Cosette: Azure OpenAI Support

Cosette makes it easy to work with Microsoft Azure OpenAI in corporate environments, where data privacy is paramount:

from cosette import Chat, Client, contents
from openai import AzureOpenAI

azure_client = AzureOpenAI(
    azure_endpoint=os.getenv("AZURE_OPENAI_ENDPOINT"),
    api_key=os.getenv("AZURE_OPENAI_API_KEY"),
    api_version="2024-06-01"
)

# Wrap Azure client with Cosette client
cosette_client = Client(model="gpt-4o", cli=azure_client)

# Near-identical structure as Claudette
chat = Chat(cli=cosette_client)
response = chat("Who is the seventh Prime Minister of Canada?")
print(contents(response))

The seventh Prime Minister of Canada was Sir Wilfrid Laurier, who served from July 11, 1896, to October 6, 1911. He was the first French-Canadian to hold the office of Prime Minister and is remembered for his efforts to maintain national unity in Canada, as well as his support for moderate social reforms and economic development.

Many organizations restrict API access to approved cloud environments, and the Azure integration allows you to use all of Cosette's features while complying with corporate privacy policies. You get the same simplified interface regardless of whether you're using OpenAI's API directly or through Azure.

Gaspard: Multimedia Support

Gaspard shines with its multimedia capabilities:

from IPython.display import Image, display
from pathlib import Path

img_fn = Path("kitty.jpg")
display(Image(filename=str(img_fn), width=500))
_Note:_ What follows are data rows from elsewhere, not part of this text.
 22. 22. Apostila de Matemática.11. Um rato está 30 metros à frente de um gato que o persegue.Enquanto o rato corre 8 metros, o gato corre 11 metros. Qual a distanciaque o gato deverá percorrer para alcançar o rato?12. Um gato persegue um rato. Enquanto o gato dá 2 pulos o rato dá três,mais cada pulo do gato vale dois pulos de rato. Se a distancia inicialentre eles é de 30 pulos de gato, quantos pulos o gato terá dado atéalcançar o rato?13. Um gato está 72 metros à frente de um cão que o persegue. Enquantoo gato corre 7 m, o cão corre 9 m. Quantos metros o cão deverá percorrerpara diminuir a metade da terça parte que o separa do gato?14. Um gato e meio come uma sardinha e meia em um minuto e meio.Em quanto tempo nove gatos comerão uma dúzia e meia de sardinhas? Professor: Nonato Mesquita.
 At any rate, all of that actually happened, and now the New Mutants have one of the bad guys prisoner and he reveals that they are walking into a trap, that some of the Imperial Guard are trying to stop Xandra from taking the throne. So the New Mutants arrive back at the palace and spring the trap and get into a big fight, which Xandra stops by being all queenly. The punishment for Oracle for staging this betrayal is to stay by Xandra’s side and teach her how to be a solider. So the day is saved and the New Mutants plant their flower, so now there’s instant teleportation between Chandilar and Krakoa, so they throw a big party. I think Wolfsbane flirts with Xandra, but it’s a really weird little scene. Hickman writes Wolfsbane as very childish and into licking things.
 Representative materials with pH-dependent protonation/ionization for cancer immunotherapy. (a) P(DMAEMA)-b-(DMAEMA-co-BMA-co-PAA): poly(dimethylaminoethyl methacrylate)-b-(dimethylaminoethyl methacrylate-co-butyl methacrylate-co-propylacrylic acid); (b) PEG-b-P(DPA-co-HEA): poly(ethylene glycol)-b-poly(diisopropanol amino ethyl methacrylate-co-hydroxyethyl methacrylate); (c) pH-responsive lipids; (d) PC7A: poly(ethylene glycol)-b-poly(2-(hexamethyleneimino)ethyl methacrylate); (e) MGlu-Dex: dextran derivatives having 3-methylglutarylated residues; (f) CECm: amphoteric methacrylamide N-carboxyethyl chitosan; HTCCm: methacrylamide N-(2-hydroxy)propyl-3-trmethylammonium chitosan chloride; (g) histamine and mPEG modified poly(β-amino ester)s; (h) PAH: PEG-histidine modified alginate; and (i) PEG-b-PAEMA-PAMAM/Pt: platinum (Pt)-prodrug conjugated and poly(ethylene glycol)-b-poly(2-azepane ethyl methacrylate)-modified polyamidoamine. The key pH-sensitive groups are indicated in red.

Stephen Harper with kitten

import google.generativeai as genai
from gaspard import Chat, contents 

genai.configure(api_key=os.environ.get("GEMINI_API_KEY"))
gemini_chat = Chat('gemini-2.0-flash-exp')

response = gemini_chat([img_fn, "How many Prime Ministers are there in this photo?"])
print(contents(response))

Uploading media...Based on the image, there is one Prime Minister visible in the photo. It is most likely Stephen Harper, who was the Prime Minister of Canada from 2006 to 2015.
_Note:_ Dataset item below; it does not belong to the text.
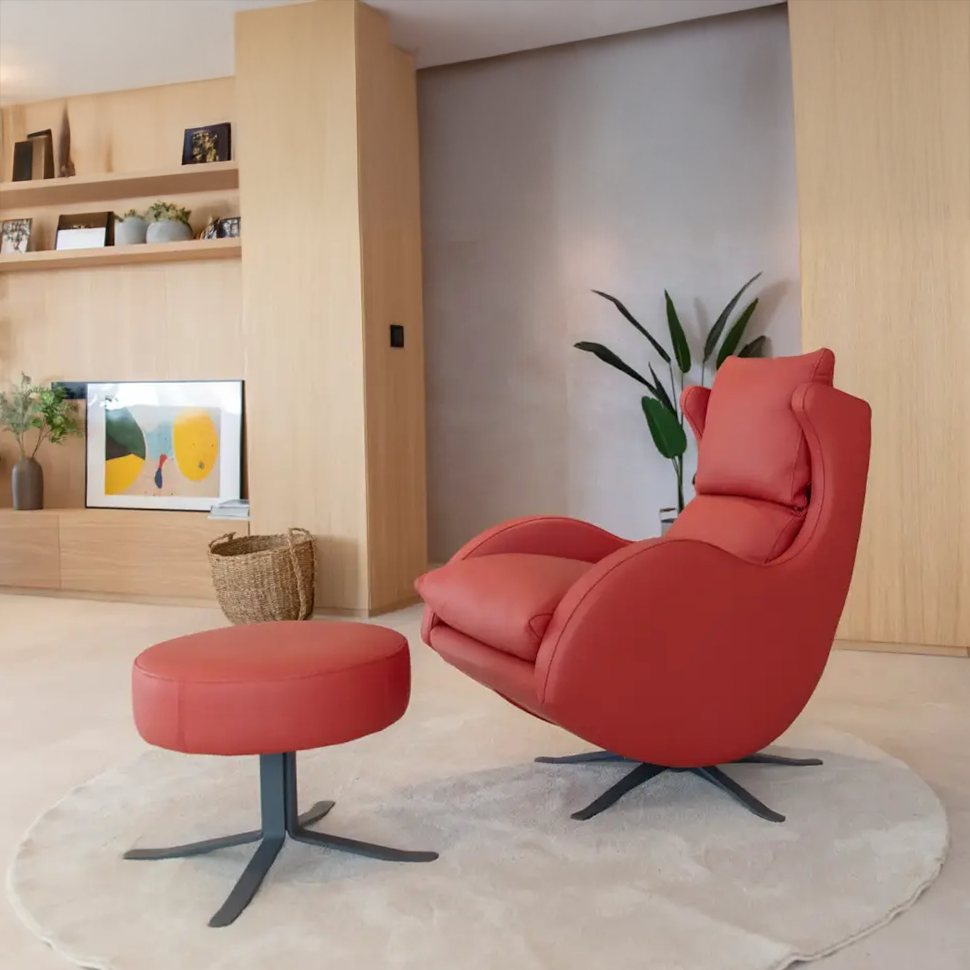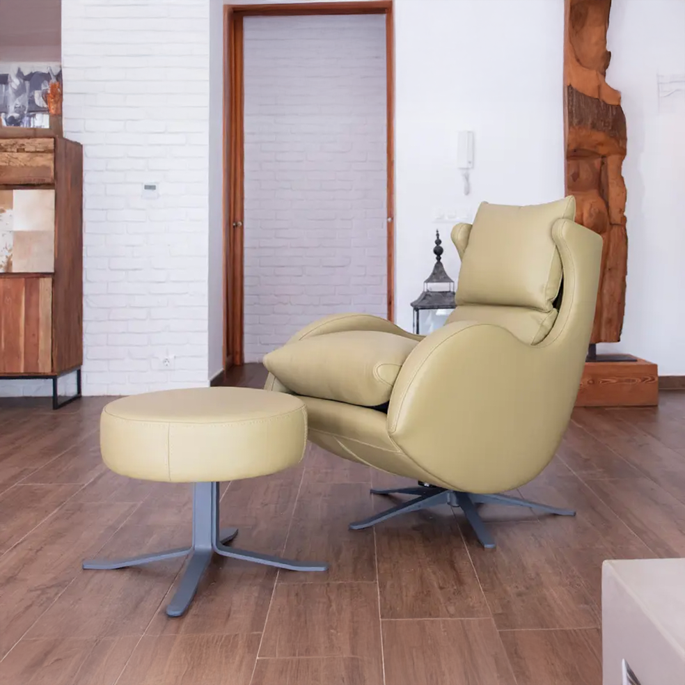 Lenny is perhaps Fama's most iconic design, a clever combination of concave and convex curves that create a unique and unrepeatable armchair. Its fibre seat and back cushions offer an incredible comfort. The base is a swivel and rocking mechanism. The round footstool is the perfect accessory to make Lenny an amazingly comfortable piece.

This multimedia capability opens up the possibility of processing images, audio, video, or PDFs using the same consistent interface. Gaspard provides a streamlined way for developers to leverage Gemini's advanced capabilities without the complexity of the raw API. You'll want to look to Gaspard for projects involving content analysis, document processing, or multimedia applications.

Final Thoughts

Claudette, Cosette and Gaspard address the pain points I felt when I first started working with the most popular LLM APIs. They elegantly handle conversation states, structured outputs, and tool use in ways that feel more natural to me. I'm thankful for the Answer.AI team's work on sharing these with the community.

What's particularly interesting is how these libraries appear to be influencing the broader ecosystem. OpenAI's own API has been gradually simplifying lately, suggesting that the industry is recognizing the need for more developer-friendly interfaces. While we're still in the early days of LLM application development, tools like Claudette, Cosette, and Gaspard give us a glimpse of what more mature, streamlined interactions might look like.
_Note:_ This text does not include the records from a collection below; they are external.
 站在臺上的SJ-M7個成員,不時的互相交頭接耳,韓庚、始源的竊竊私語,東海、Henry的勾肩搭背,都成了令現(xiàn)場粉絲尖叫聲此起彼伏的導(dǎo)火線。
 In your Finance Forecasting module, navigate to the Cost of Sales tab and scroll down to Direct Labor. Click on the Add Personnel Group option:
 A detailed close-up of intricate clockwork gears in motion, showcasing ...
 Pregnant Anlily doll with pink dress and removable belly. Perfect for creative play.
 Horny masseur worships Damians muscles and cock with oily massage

If you're interested in learning more about working with LLM APIs, I encourage you to try replicating and adapting these code snippets on your own. Start with a simple chat interface using your preferred model, then experiment with data you frequently work with to explore structuring data and tool calling.

These libraries don't add functionality that wasn't already possible, but they significantly reduce the cognitive overhead of working with LLM APIs. They let you focus on what you're building rather than the API mechanics. Whether you're prototyping a new idea or building production systems, this simplified approach can make your development process noticeably smoother.

I wish I had discovered these sooner, and I hope this introduction helps you avoid some of the API wrestling I experienced in my early LLM projects.